- Born: Mary Elizabeth Southwell Dudley 18 June 1818 Clonmel, County Tipperary
- Died: 22 December 1899 (aged 81) Hastings

= Mary Elizabeth Southwell Dudley Leathley =

Irish writer of children's books and religious works

Mary Elizabeth Southwell Dudley Leathley (18 June 1818 – 22 December 1899), was a prolific Irish writer of children's books and religious works.

==Biography==
Leathley was born Mary Elizabeth Southwell Dudley on 18 June 1818 in Clonmel, County Tipperary. Her father was George Dudley and the family were members of the Society of Friends. Leathley was first published at sixteen and became a prolific writer. She focused on children's fiction and religious works. One of her stories sold a half million copies. Leathley married a barrister William Henry Leathley on 11 June 1847. He was catholic and Leathley converted the same year. Their son, Dudley, was raised Catholic.
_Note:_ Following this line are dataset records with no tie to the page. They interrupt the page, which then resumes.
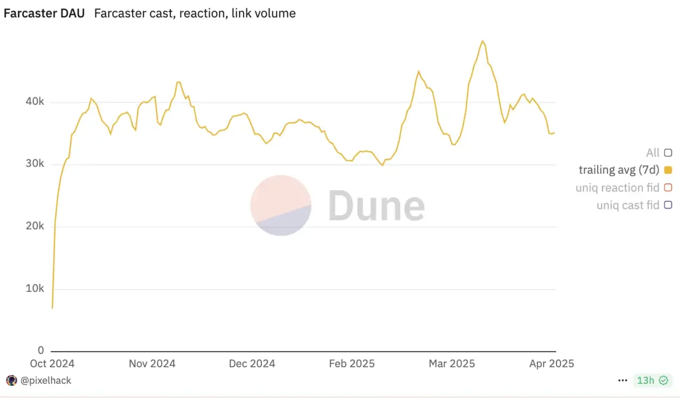 2025 年 3 月,Scalar Capital 及 Bountycaster 联合创始人 Linda Xie 加入 Farcaster 团队,负责开发者关系,重点推进 Frame 的开发与推广。与此同时,Farcaster 推出「空投计划」,鼓励开发者借助 Frame v2 构建应用并通过资产空投触达用户。这一机制虽非官方代币空投,但有效激活了用户增长。3 月中旬,Farcaster 日活跃用户短暂突破 4 万,创下阶段性高点。
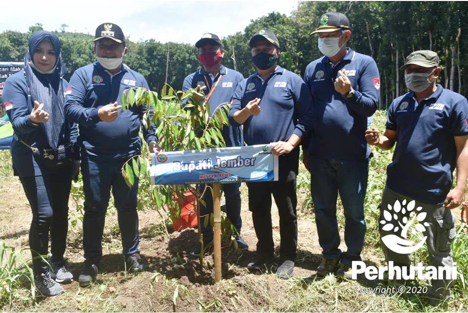 JEMBER, PERHUTANI (31/3/2021) | Perhutani Kesatuan Pemangkuan Hutan (KPH) Jember berkolaborasi dengan Dewan Pengurus Daerah (DPD) Persatuan Perawat Nasional Indonesia (PPNI) Jember menggelar aksi sosial dan penanaman pohon jenis Multi Purpose Tree Species dan jati di kawasan hutan petak 51 Resort Pemangkuan Hutan (RPH) Grintingan, Bagian Kesatuan Pemangkuan Hutan (BKPH) Wuluhan, Selasa (30/3).
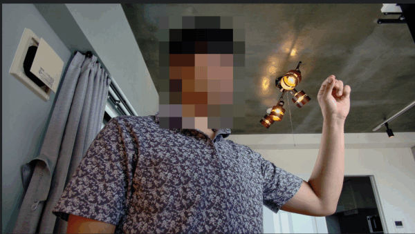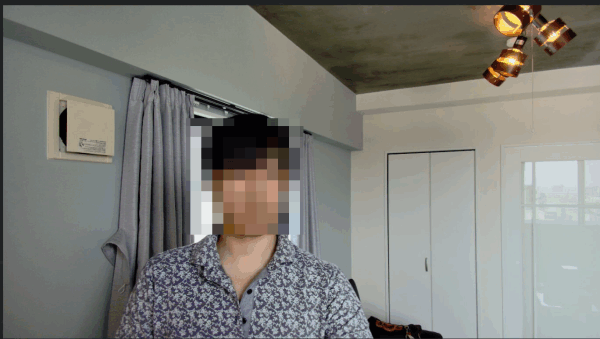 そしてAI機能のおかげで、ウェブカメラの周囲をグルグルと移動しても、自動で私の位置が認識されてオートフォーカス・強調表示される。

After living in Midhurst, Ascot and Malvern Leathley died in Hastings on 22 December 1899. Leathley's works were usually anonymous and very little is known about her life; her identity as the author was given by Lawrence Darton.

==Works==
- Chickseed Without Chickweed (1861)
- Children of Scripture: A Sunday School Book for Youth (1866)
- The Story of Stories (1875)
- Requiescent: A Little Book of Anniversaries (1888)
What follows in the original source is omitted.